*** Opening DATA TO EXAMINE ***

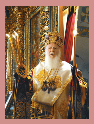
His All Holiness Bartholomew Archbishop of Constantinople and Ecumenical Patriarch

Ecumenical Patriarch Bartholomew has visited Muslim nations, previously never visited by Christian heads of Churches, advocating religious tolerance, freedom, and peace among all religions. Moreover, his pioneering initiatives for the preservation of the natural environment have earned him the title “Green Patriarch.” He organized five environmental seminars in co-sponsorship with His Royal Highness Prince Philip (1994-1998). He also established the Religious and Scientific Committee, which has organized seven international, interfaith and interdisciplinary seaborne symposia to date: Patmos and the Mediterranean (1995), the Black Sea (1997), the Danube River (1999), the Adriatic Sea (2002), the Baltic Sea (2003), the Amazon River (2006), and the Mississippi River and Gulf Coast (2009).
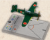
WGS103B KAWASAKI KI-61-II (ICHIKAWA)
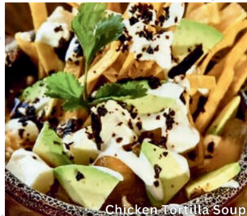
Chicken Tortilla Soup
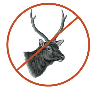
NOT legal in a spike bull unit.
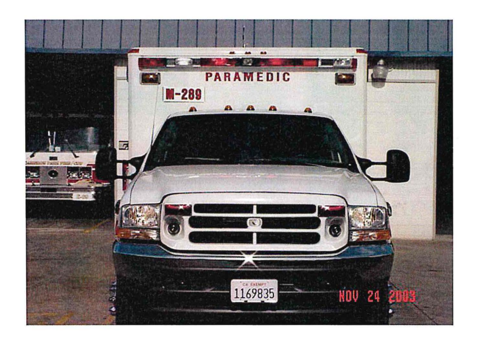
Figure 4 - Front View

The word Paramedic is centered on the on the front of the patient cabin. The top of the letters is 2 1/8 inches from the bottom of the light bar. The letters are 4 inch red reflective with ½ inch pin stripe around each letter.
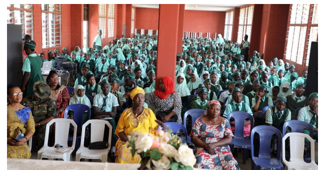
A cross-section of participants at the Holocaust Remembrance event at Command Secondary School, Lungi Barracks Maitama, Abuja.

The students were advised to stand and speak up wherever they see racism and discrimination and the need to protect everyone's
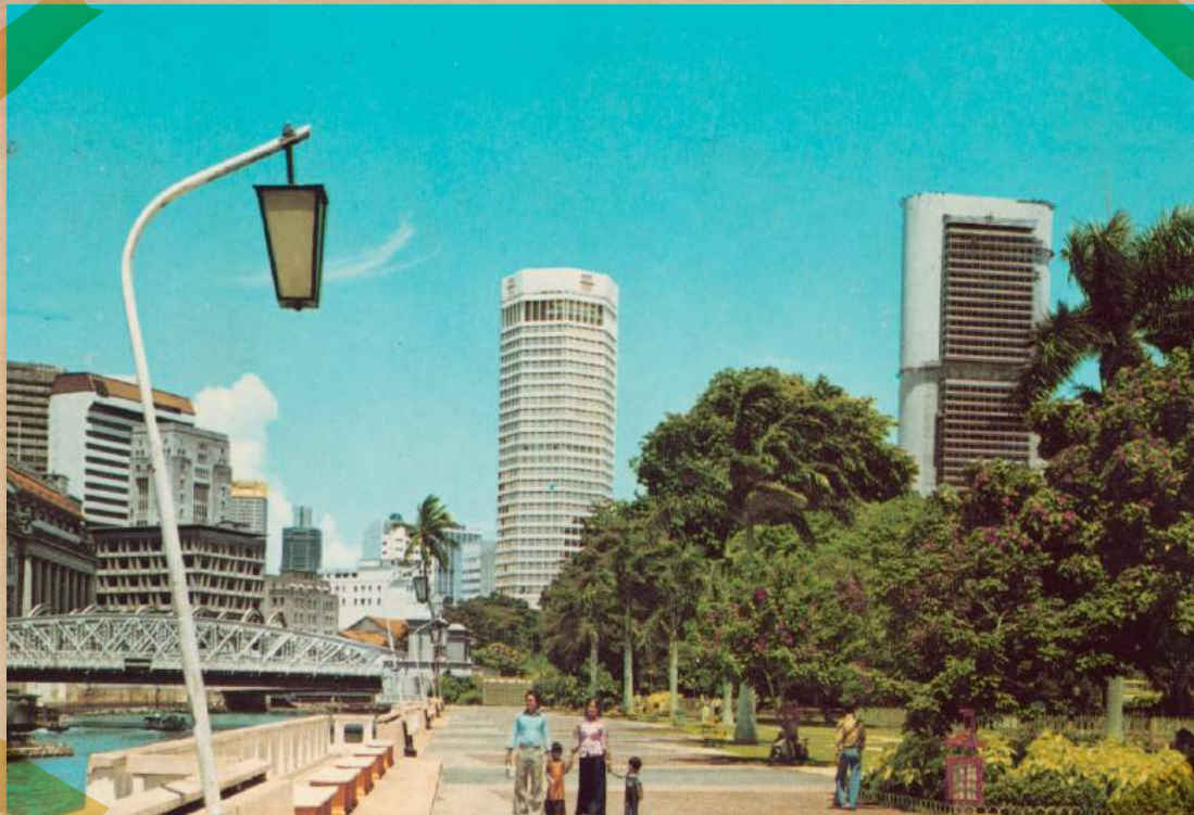
Queen Elizabeth Walk at the Esplanade, mid-1970s
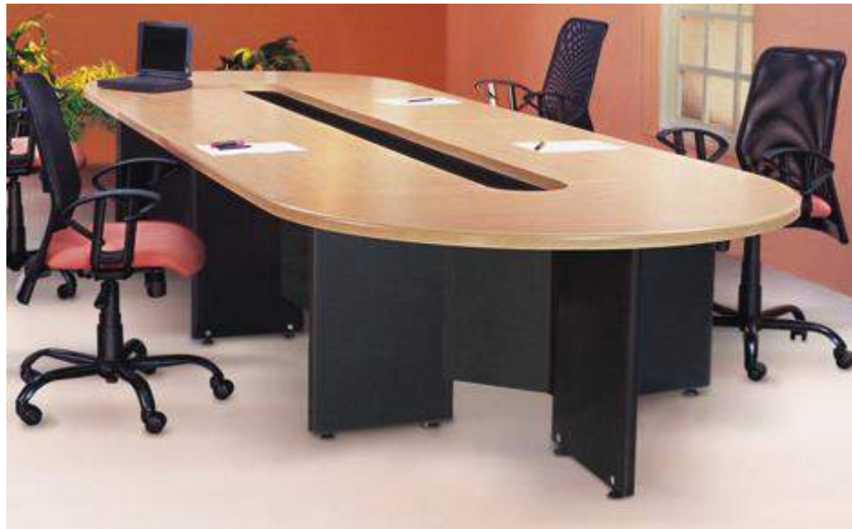
Fig.1 Typical Modular Conference Table

1.0 The conference table in general shall have similar configuration as shown in the fig.1

*** Closing DATA TO EXAMINE ***

__ASSIGNED TASK__
Please print exactly the lines from the line containing "Figure 4 - Front View" through the end of the records above, both included, leaving out every picture.

__EXERCISE RESULT__
Figure 4 - Front View

The word Paramedic is centered on the on the front of the patient cabin. The top of the letters is 2 1/8 inches from the bottom of the light bar. The letters are 4 inch red reflective with ½ inch pin stripe around each letter.
A cross-section of participants at the Holocaust Remembrance event at Command Secondary School, Lungi Barracks Maitama, Abuja.

The students were advised to stand and speak up wherever they see racism and discrimination and the need to protect everyone's
Queen Elizabeth Walk at the Esplanade, mid-1970s
Fig.1 Typical Modular Conference Table

1.0 The conference table in general shall have similar configuration as shown in the fig.1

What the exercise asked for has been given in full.